Maternal Immune Activation Induces Adolescent Cognitive Deficits Preceded by Developmental Perturbations in Cortical Reelin Signalling

Biomolecules 2023, 13(3), 489; https://doi.org/10.3390/biom13030489
by Rebecca M. Woods 1,*,†, Jarred M. Lorusso 1,*,†, Isabella Harris 1, Hager M. Kowash 2, Christopher Murgatroyd 3, Joanna C. Neill 4, Jocelyn D. Glazier 1, Michael Harte 4 and Reinmar Hager 1
Reviewer 1:
Reviewer 2: Anonymous
Reviewer 3: Anonymous
Biomolecules 2023, 13(3), 489; https://doi.org/10.3390/biom13030489
Submission received: 24 January 2023 / Revised: 2 March 2023 / Accepted: 4 March 2023 / Published: 7 March 2023
(This article belongs to the Special Issue Impact of Infection on the Brain in Development and Adulthood)

Round 1

Reviewer 1 Report

The study by Woods, Loruso et al. describes experiments in a PolyI:C induced MIA model of neurodevelopmental disorder.
The study has a very thorough theoretical introduction with a review of the current literature, even featuring Figure 1 illustrating Reelin signalling pathways. Having figures in the introduction is not common, however, it is very helpful in this case, as some readers may not be familiar with the reelin pathway and its ontogeny.
Concerning the methods, my expertise is mainly the behavioral tasks, so I cannot assess the gene and protein expression evaluation methods in sufficient depth, but overall the methodology and statistics seem sound and well described. It is very nice to see that not only the numbers of animals per group, but also the numbers of litters per group are indicated, which is crucial information in studies of MIA. The authors also mention negative results, e.g. in phospho-DAB non-detection or the more or less inconclusive data from the OPT. I consider reporting negative results a very positive sign, as those might be particularly helpful to other experimenters.
Overall, the article is well written in comprehensible English, and the results and their implications are well described.

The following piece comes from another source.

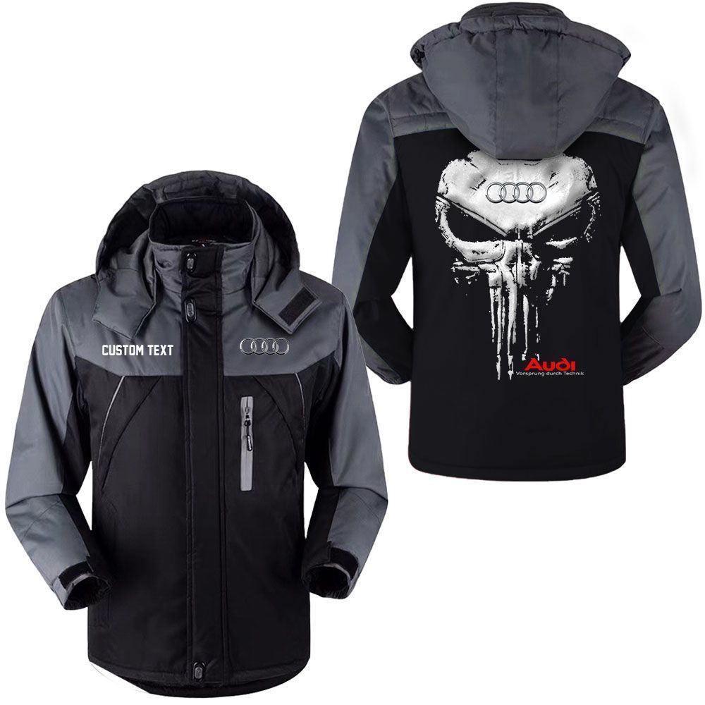 Audi-logo Logo Custom Name Punisher Skull Hooded Windbreaker Ski Jacket

I have only some minor recommendations for the manuscript:

Figure recommendations:

Figure 1 - add dendrite development to the schematic, as it seems an important outcome of reelin signalling.

Figure 4: the same color and pattern coding of groups should be used for both panels A and B for easier readability (make the bars of female groups chequered in both panels)

Having a schematic of the experiment timeline, illustrating the exact timing (polyI:C injection, brain sampling, behavioral testing) would help the reader to follow the course of the experiments.

Minor comments:

line 109-110 - there is an error report from reference manager, which should be removed and the references checked

line 159, in the the reference no. 15 the "robust cogitve deficit" was only present in females in the ASST if I read it correctly, this should be emphasized

line 173 - the subsection title begins with the word "subsection", presumably a leftover from editorial work on the manuscript, this should be removed.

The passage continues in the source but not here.